“Mrs. Carter—Mrs. Carter, just come and give this skirt a pull, won’t you? I feel as if corked up in a junk-bottle. Confound all your parties, and everything else that takes a fellow out of his frock-coat!”
“Why, Carter, dear, it’s a lovely fit. Of course you must expect to be tightened up a little at such a time. Only look at me, would you ever have believed my waist could have been brought down to that, yet I don’t complain. There are things, Carter, for which we must suffer.”
Carter wiped his red face with a towel, there being nothing else convenient, at which his wife cried out, “Why, Carter!” and ran to a drawer, from which she brought a handkerchief of the finest linen, with an embroidered monogram in the corner. Over this she dashed a liberal quantity of perfume from a scent-bottle, which she shook as if it had been a pepper-box. Then she brought out a point lace barb, parted over a white, silk cravat, which she tied around his stout, red neck, leaving a kiss on his cheek when it was arranged to suit her.
All this had its effect. In spite of his coat, Carter softened and became amiable. His hair had been nicely curled at the ends, a thing he had submitted to for the first time in his life, but, on the whole, rather liked. The diamond studs in his bosom glittered like fire-flies, and his watch-chain coiled down his white vest like a golden serpent hiding its head in his pocket.
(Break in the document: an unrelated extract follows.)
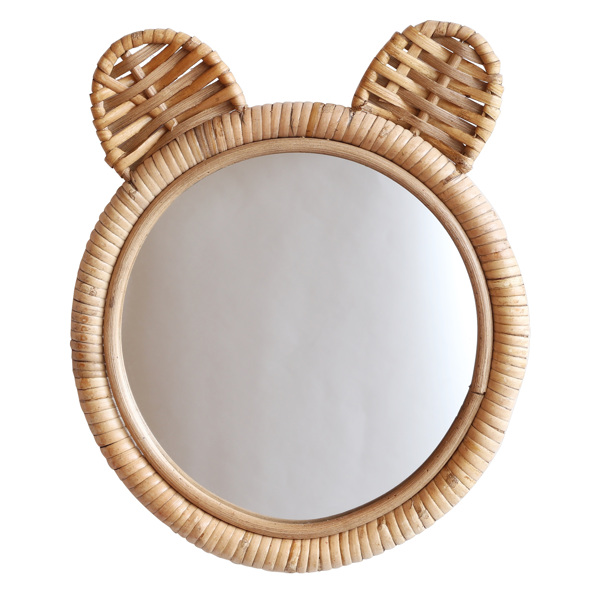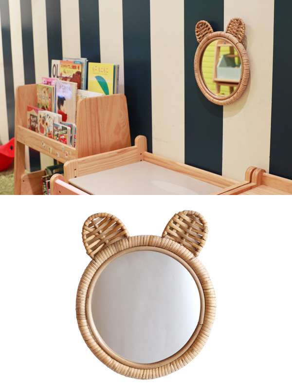 ラタンで熊の形をかたどった、子供部屋にピッタリな可愛いミラーです。写った自分に耳が生えてきたように見えて、お子様の身支度も楽しくなること間違いなし!

“Now, my dear,” said Mrs. Carter, “just stand back and let me look at you.”
“Well, Mrs. Carter, what have you got to say about it?”
Here Mr. Carter put a thumb into each armhole of his white vest, and posed himself superbly.
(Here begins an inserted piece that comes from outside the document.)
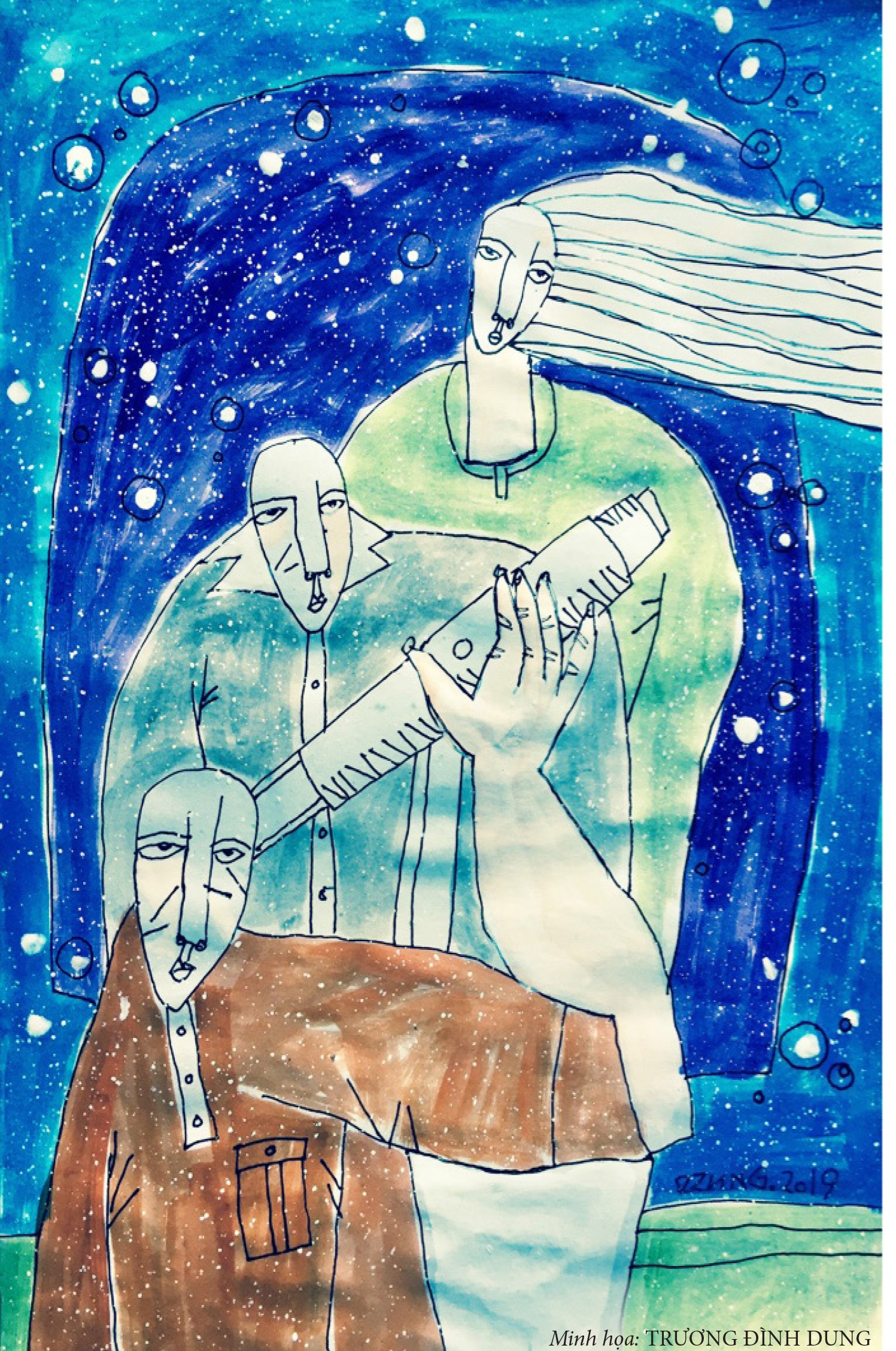 Đoàn thực tập về lại Sài Gòn sau ba ngày quần bố tôi mệt đến bở hơi tai. Tám trợ lý, nhân viên của bố cũng phải làm việc hết công suất để phục vụ cho hơn trăm con người đang háo hức nghiên cứu các vì sao qua kính thiên văn hiện đại. Bố mệt nhưng rất vui vì đã hoàn thành vai trò làm “lực hấp dẫn” cho các ước mơ bay đến chân trời khoa học bao la, kỳ bí. Bố là người thầy tài ba, tận tụy được cả đoàn thực tập ngưỡng mộ, trọng vọng. Mái tóc nghệ sĩ bạc quá nửa và gương mặt mãn nguyện của bố như được tưới thêm hạnh phúc khi chỉ còn hai cha con, tôi mở loa cho bố cùng nghe cú điện thoại của mẹ từ Sài Gòn:

Mrs. Carter took a general observation, drew nearer, smoothed the sleeves of his coat with her plump hand, and observed that better-looking men might be found in the great city of New York, but she had never set eyes on them. At which Carter, being a little doubtful of himself, blushed rosily, and attempted a dancing step, which proved an ignominious failure, his boots being as tight as his coat.
“My dear,” said Mrs. Carter, busying her hands with the neck-tie again. “Do you know I’ve been thinking of a pleasant surprise for you—a very pleasant surprise?”
“Indeed, Mrs. Carter, you have given me one in this party, which I shan’t get over in six months. What is it to be this time?”